Creo que en Lost Boys he capturado la Rusia poscomunista de una forma muy personal, sincera y poética. Y eso fue hace casi 20 años. Lo que ves ahora en la moda es una mera réplica cultural.

¿Quiénes son los modelos que fotografiaste para Bros & Brosephines? ¿Cuál es su historia?
Hay chicos, chicas y todo lo que va entre medio. Trabajo sobre todo con amigos y voluntarios y les dejo contar sus propias historias.
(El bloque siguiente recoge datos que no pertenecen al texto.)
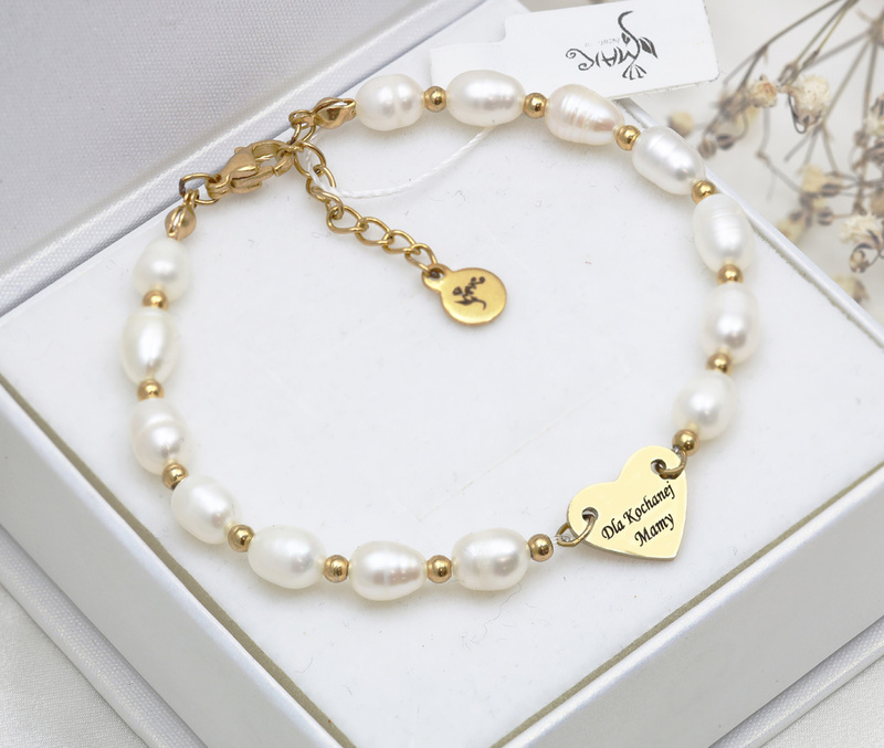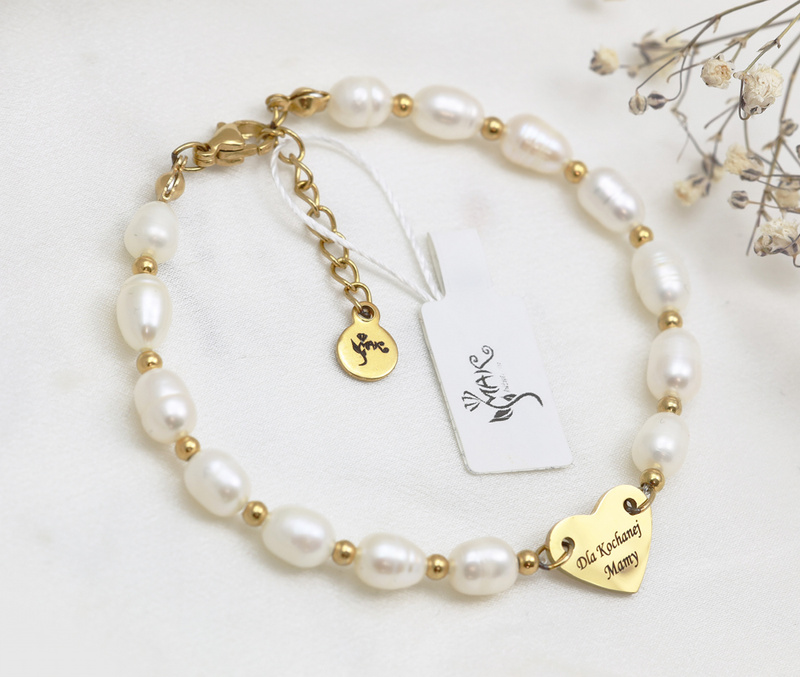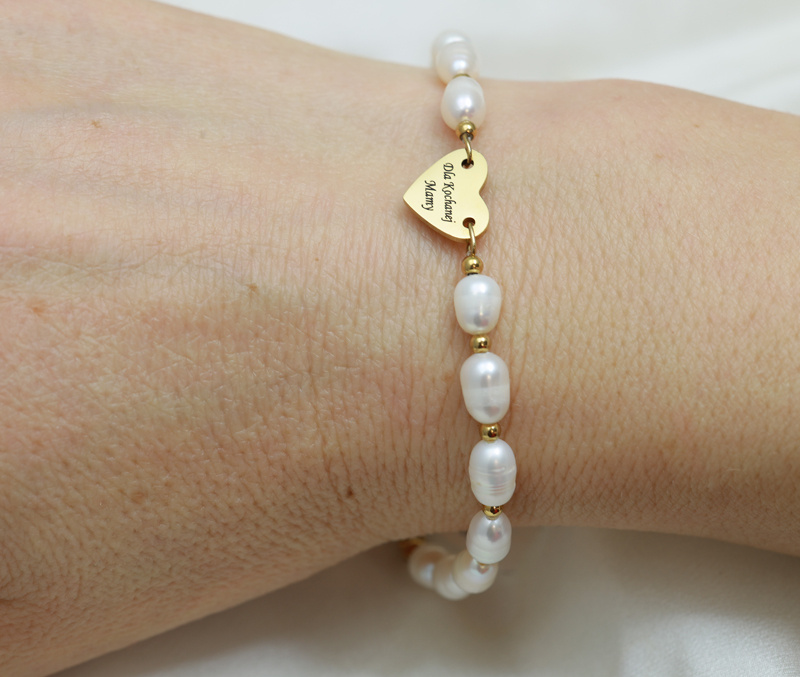 Delikatna bransoletka grawerowana z perłami hodowlanymi i serduszkiem pod grawerunek.

Tuve la suerte de colaborar con un fantástico equipo de compañeros artistas y personalidades, y todos ellos aportaron su voz y su visión únicas a este proyecto.

Normalmente utilizas cuerpos bastante atractivos en tu obra. ¿Has considerado explorar otras formas corporales menos convencionales en tu trabajo?
He fotografiado montones de cuerpos de todo tipo. Estoy trabajando en un par de proyectos para nuevos libros que no tienen nada que ver con el género o la sexualidad.

Uno es de retratos artísticos: he disfrutado mucho trabajando con personas maduras como Marina Abramović, Chuck Close, Gilbert & George, Edmund White... Y ahora estoy realizando una serie de retratos en la ciudad del Rugby, con un amplio espectro de cuerpos y edades desde adolescentes de 16 años hasta tíos de 50.

Son auténticos jugadores de rugby, no el típico tipo de modelos. Todo el proyecto gira en torno a la diversidad de personalidades, rostros y formas. Para mí todo se centra en la belleza interior y en el espíritu.

¿Con qué cámara fotografías? ¿Recuerdas tu primera cámara?
Utilizo diferentes cámaras: mi Lumix, mi Leica, mi Olympus, mi Yashica y mi Holga de confianza. Voy intercalando las cámaras digitales y las analógicas y me encanta fotografiar con viejas cámaras Polaroid.

Mi primera cámara fue una antigua FED soviética, que tomé prestada a mi padre cuando era adolescente. En aquella época, él aspiraba a ser fotógrafo. Tenía un primitivo cuarto oscuro de fotografía instalado en nuestro cuarto de baño, lo que provocaba incomodidad a toda la familia. Por desgracia, mi familia nunca apoyó mi trabajo. Mi padre una vez lo describió como "porquería anal". ¡Gracias, papá!